現実を愛した男
初投稿です。
舞台は現代ですが、あくまでファンタジーととらえていただければ幸いです。
心温まらないホームドラマです。
あるところに、平凡な男がいた。
男は、自分のいるこの世界が大好きだった。だから、そんな世界を歪めて無理やり作り上げた虚構を愛する人間を、彼は憎んでいた。そんなものにすがるのは弱い人間だ、そう思っていた。
そのせいか、彼は若いころから周りとの衝突が絶えなかった。頑固者の性分も手伝い、一度も自分の意見を曲げることはなかった。いつしか彼の周りに、大嫌いな虚構を愛する人間はいなくなっていた。
だが、男は自分の考えが正しいと信じて疑わなかった。
そんな男も当たり前に恋をした。フィクションじみてない、とても現実的な恋だった。
もちろん相手も、現実をこよなく愛する、彼によく似た女性だった。
程なくして、二人の間に子どもが産まれた。子どもはすくすくと育った。幸せの絶頂だった。
しかし、ある日男は恐ろしい事実に気がついてしまった。
どうにも息子は虚構の世界に魅せられてしまっているらしい。
身の毛もよだつ思いだった。
確かに息子が幼いころは、そういった御伽噺の類を見せていた時期もある。小さい子どもには言って聞かせるよりも、ある程度幻想的な話の方が教育にいい、と考えての苦渋の決断だった。
でも、それも息子が物心つくころには全て卒業させたつもりだった。
それがいったいどこから入り込んだ?学校?それともコマーシャルか何かか、出所は分からないが、憂慮すべき事態だ。今すぐやめさせなければ。

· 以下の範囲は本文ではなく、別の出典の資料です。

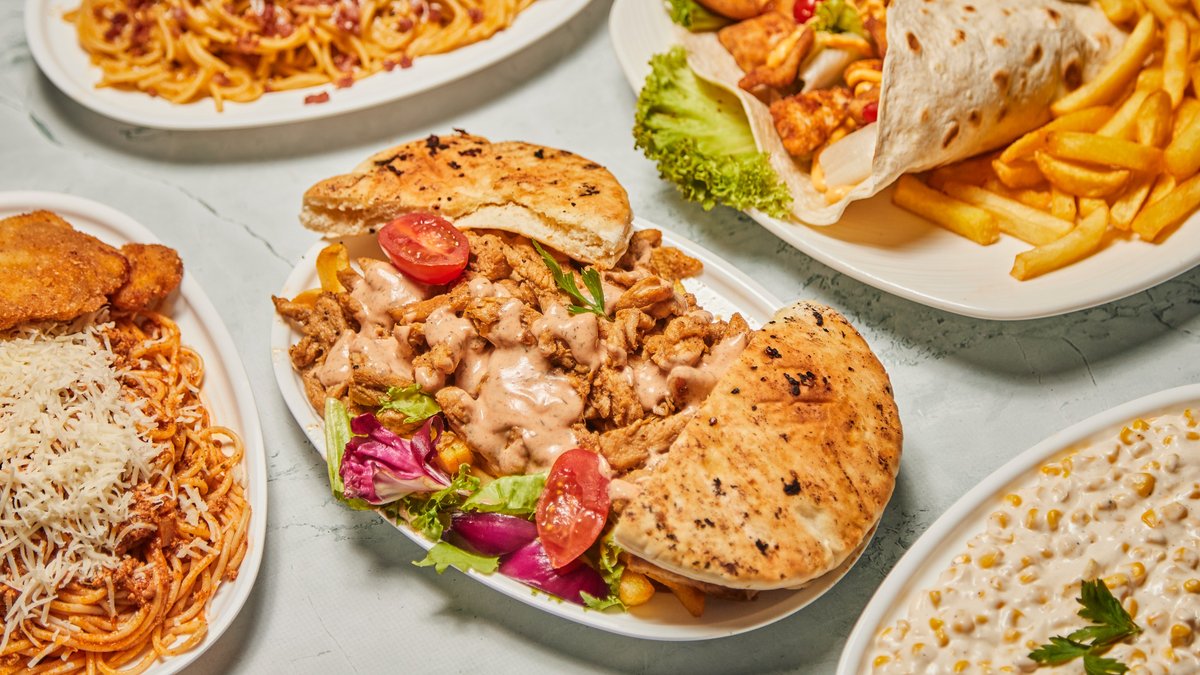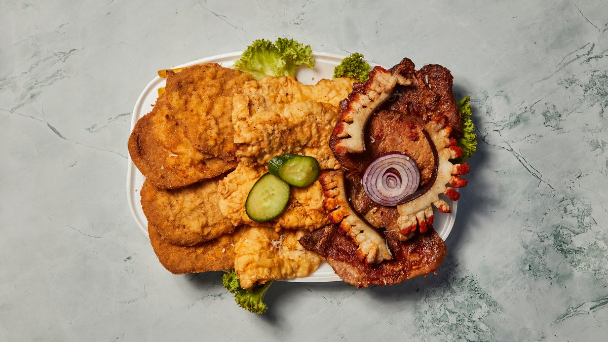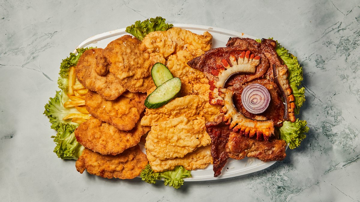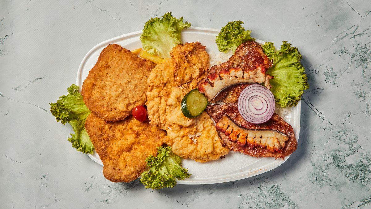 2 db burgonyás bundás csirkemell, 2 db rántott karaj, 2 db kakastaréjos cigánypecsenye. Köret: Vegyes köret (rizs és hasábburgonya)
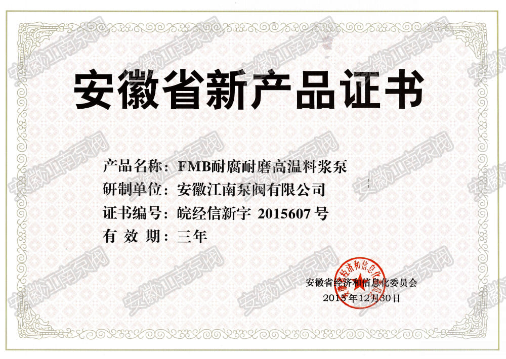 安徽江南泵閥有限公司榮獲安徽省FMB砂漿泵新產品證書,主營:氟塑料泵,不銹鋼泵,耐腐蝕化工泵,品質卓越,行業(yè)領跑企業(yè),科研生產型企業(yè)20年鑄就行業(yè)輝煌!...
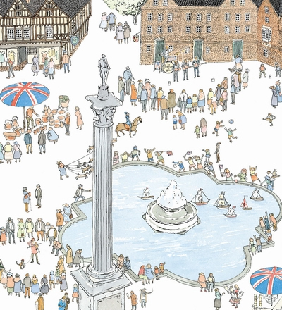 封面上的米字旗告诉我们,这一站是英国。安野光雅在后记中说英国是世界上拥有最美丽村庄的国家。满眼翠绿的草地,蜿蜒的乡村小路,村庄农舍人们的平静生活,安野光雅画中那些美丽静谧的村庄让人向往。当然,这一本里仍有许多体现英国历史人文积淀的有趣细节。比如,不仅有文学巨擘莎士比亚的著作,还有他出生时的房子,他的妻子安妮?哈萨威的家。除此以外,“彼得兔”的故事也会出现在书中,你还能看到凯特?格林威站在院门口,不远处还有她的作品《捉迷藏》;另外,伦敦塔桥、国会大厦、海德公园的“演讲者之角”等许多建筑、名胜也会一一出现。不过,这些都只是英国篇的一小部分,你还能想到哪些象征英国文化的细节呢?快去书中找找看。
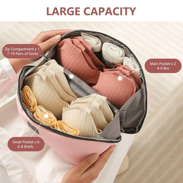Large Capacity : This bra bag has 2 large compartments for storing 4-6 bra, 6 small pockets for storing 6-8 briefs, 1 long pocket with zipper for storing 7-10 pairs of socks, which is large enough to fit your underwear, panties, bras, accessories, etc.
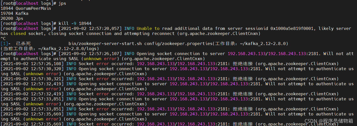 下面通过杀死已存在的zookeeper服务器进程,来查看kafka服务器的报错情况。其实再重启zookeeper服务器,kafka服务器就会自动连上了。
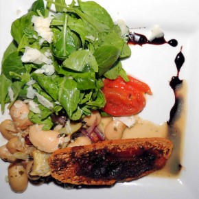 From the “Soup & Salad” section, we enjoyed the White Bean & Arugula Salad with rosemary, pancetta, shaved pecorino, roasted fennel, red onion, tomato and lemon oil with a balsamic reduction and bacon toast ($11); as well as Vintana’s Soup Trio ($9)—single serving cup portions of each the rich and creamy lobster bisque, the velvety and addicting tomato sage bisque, and the soup du jour—that day a hearty and perfectly seasoned chicken and rice.
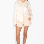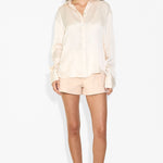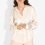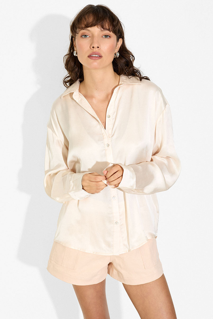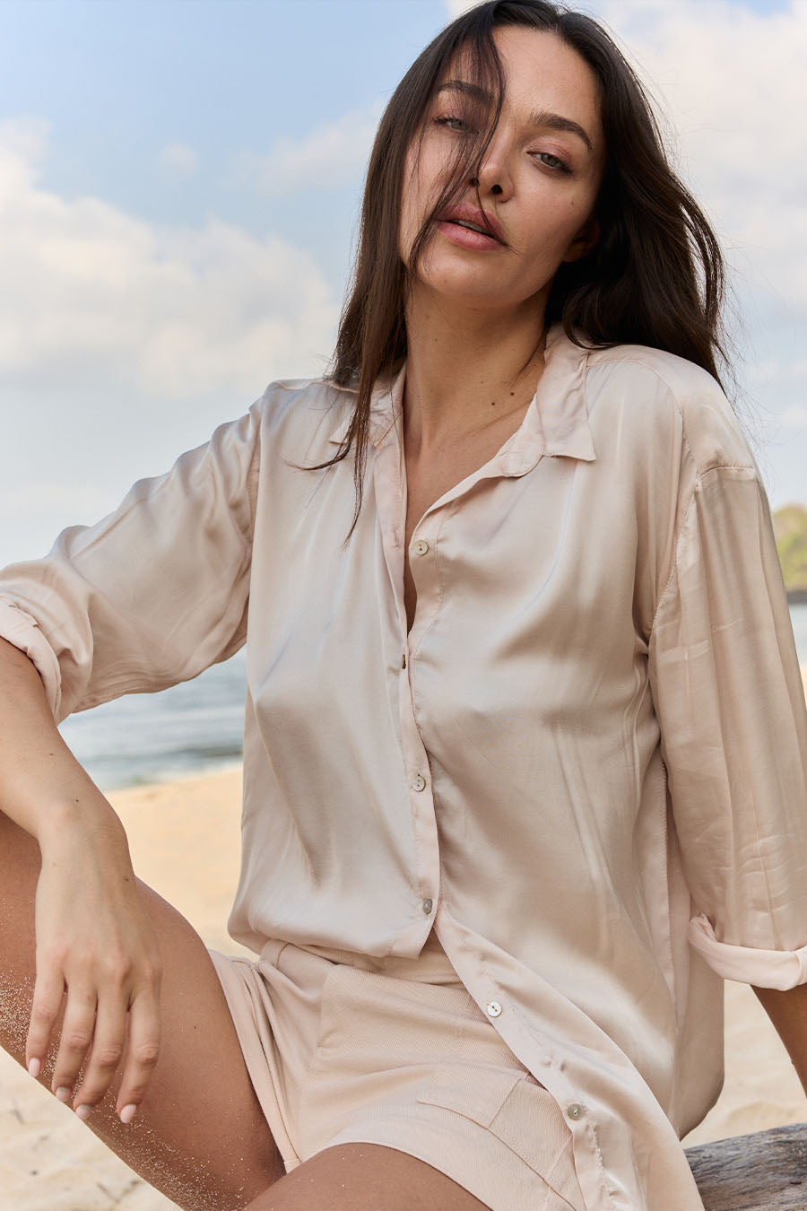 Effortlessly timeless, the Emma Shirt is a refined wardrobe essential crafted from fluid rayon viscose with a soft, silk like sheen. Designed with a relaxed, loose fit, it drapes beautifully on the body, offering both elegance and comfort. Classic details like a pointed collar, button down front, and delicate shell buttons give it a polished look that never goes out of style. Wear it tucked, tied, or open over a dress the Emma Shirt is endlessly versatile.
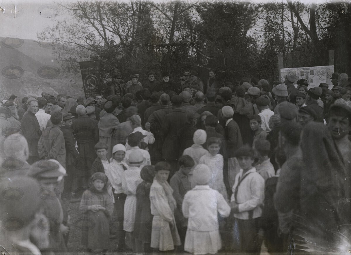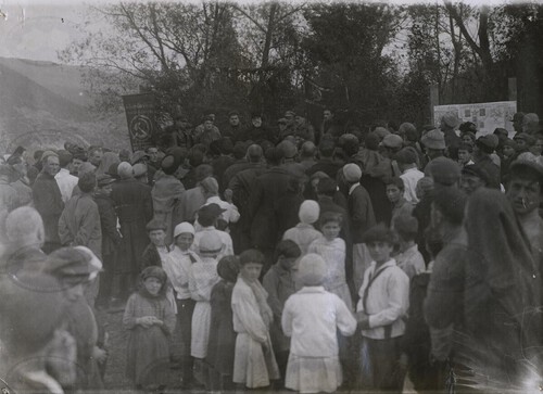 | ავტორისეული აღწერა: | Торжественное открытие к Октябрьским дням, 30 км. Верхне Сванской шоссейной лроги. На трибуне - председатель ЦИК-а Грузии Филлип Махарадзе | |
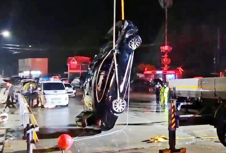Hiện trường trục vớt chiếc xe chở theo vợ và hai con trai. Ảnh: Yonhap
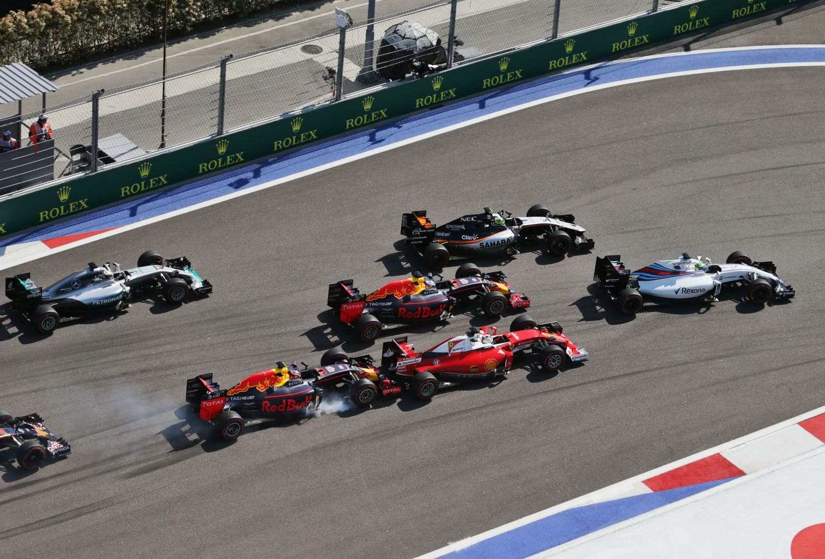 Jei incidentas tarp šių pilotų Kinijos trasoje jiems labai brangiai nekainavo – abu finišavo ant podiumo, tai Rusijoje D. Kvyato veiksmai S. Vetteliui kainavo labai brangiai – jis buvo priverstas pasitraukti iš lenktynių jau pirmame rate, kai rusas atsitrenkė į vokiečio bolidą net du kartus, po ko pastarasis atsitrenkė į trasos barjerus. Rusui lenktynės taip pat nesusiklostė – užimta vos 15 vieta.
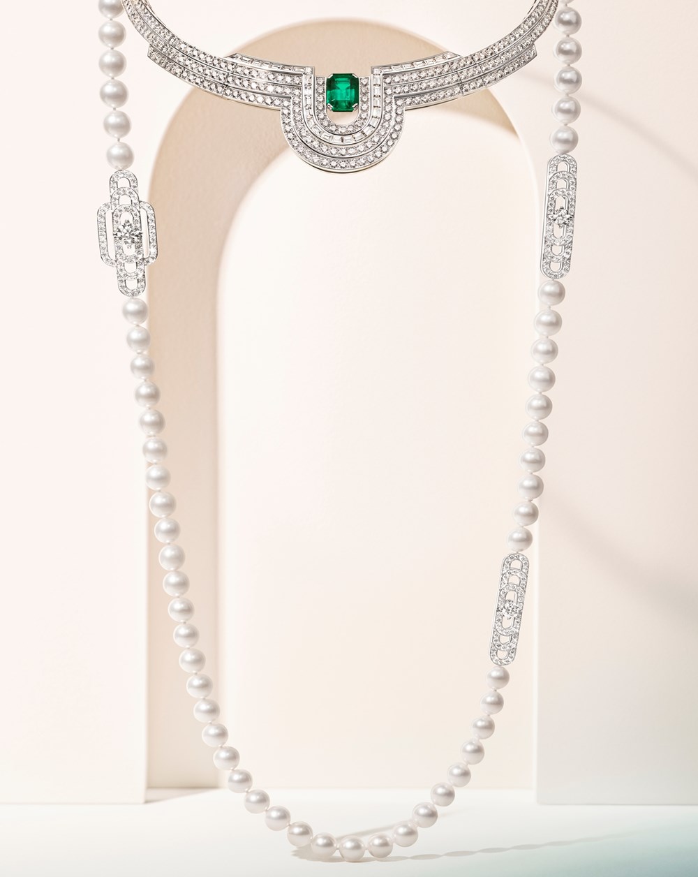 - احتفاء باللؤلؤ المستزرع: تُختتم مجموعة «1936» باللؤلؤ المستزرع، الذي استلهم منه فريد صامويل بداياته. عقد طويل مرصع بلآلئ أكويا الناعمة، يعكس ضوءاً زهرياً فاتحاً، ويتداخل مع الأقواس المتشابكة المزدانة بالألماس اللامع، ليكشف عن بريق متناغم وجميل.
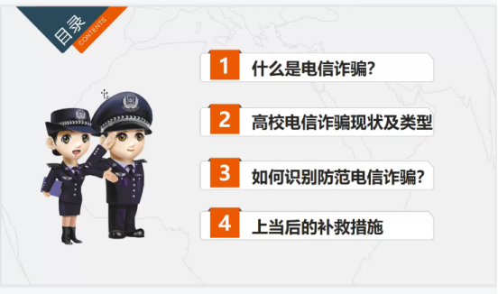 之后,讲述了识别电信诈骗的方法及有效预防电信诈骗的措施,警示大家对电信诈骗案件的重视,提高警觉性,在遭遇此类案件能保持镇定。
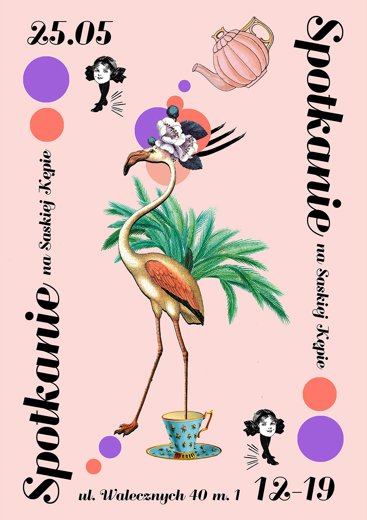 Poster for event at my studio on Saska Kępa. It was the meeting of artist with people from neighbourhood. We present our art pieces serving coffee and home made cake. The Meeting took place during Saska Kępa Day. The event was posted on social media, the posters were located in different places in Warsaw.
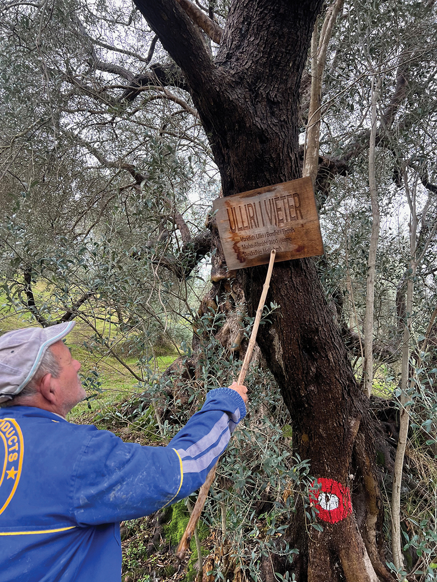 Në ullishtat e Marikajt takojmë Mehdiun, banor i zonës, që na tregon ullirin e moçëm ~2 500-vjeçar. Foto: Autori.
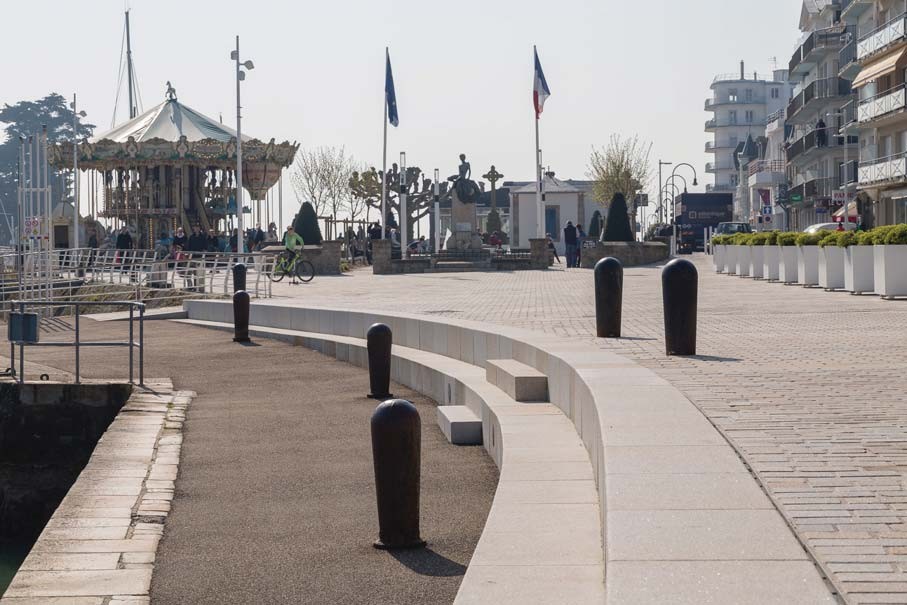 Le parti d’aménagement consiste à préserver le caractère portuaire du quai Jules Sandeau en s’inspirant de la simplicité des aménagements qui existaient au début du XXe siècle. Ceux-ci offraient une lecture claire d’un grand plan incliné vers le perré en granite accompagnant la courbe de l’étier. Les aménagements imaginés aujourd’hui tendent à concevoir un espace apaisé, dévolu principalement à la déambulation, permettant une activité portuaire (pêche ou plaisance) et confortable où l’on pourra, suivant la saison et l’heure de la journée profiter, debout ou assis, de la vue sur le port, sur les terrasses, au bord de l’étier ou à l’ombre des édifices bordant le quai.

男は息子から娯楽の一切を取り上げた。これは良くないものだと何度も言い聞かせた。
子どもは泣いて反抗し、父親と口をきかなくなったが、親への反抗は成長の当たり前の一過程にすぎない、成長すれば俺に感謝する、と男は自分のやったことの正しさを信じて疑わなかった。
しばらくして、子どもは立派な大人となり、独立していった。
それでも男は不安だった。またかわいい息子が虚構に囚われてしまうのでは、そう思うと夜も眠れなかった。だから、定期的に息子の部屋を訪ねることにした。
息子が一人暮らしを始めて半年、彼はまた息子の部屋に虚構を見つけてしまった。
綺麗に片付けた部屋にゴキブリを見つけた気分だった。
息子が仕事に行っている間にこっそりと処分しておいた。その後、息子から何通も男を罵倒するメールが届いたが、男は自分のやったことは正しいのだと信じて疑わなかった。
息子が一人暮らしを始めて一年。息子は部屋を引き払っていた。
方々手を尽くして見つけたが、また息子の部屋には虚構が蔓延っていた。
あらかた処分はしたが、まだ不安は拭いきれないので、また来週、部屋を訪れることにした。
そう思っていた矢先、男は病に倒れた。医者の見立てでは、度重なるストレスと過労が進行を早めたらしい。
息子はけして見舞いにこようとはしなかった。
男が床に伏してから半年が過ぎたころ、突然男の枕元に息子が現れた。
夢でも見ているような気分だった。
唐突な再会に、男は喜びを隠しきれなかった。
けれど、その喜びを伝えることは、ついぞ叶わなかった。
最後に見たのは、息子の手にしっかりと握られた、銀色の刃物だった。
ああ、なんてことだ。俺がいない間に、息子は、息子はこんなにも弱くなってしまった。
子が親を殺めるなんて、それこそ虚構の世界で起こるべきことじゃあないか。
俺の息子はこんな虚構にとりつかれた化け物じゃない。
誰か、だれか本物の息子に会わせてくれ。
男は最期まで自分を信じて疑わなかった。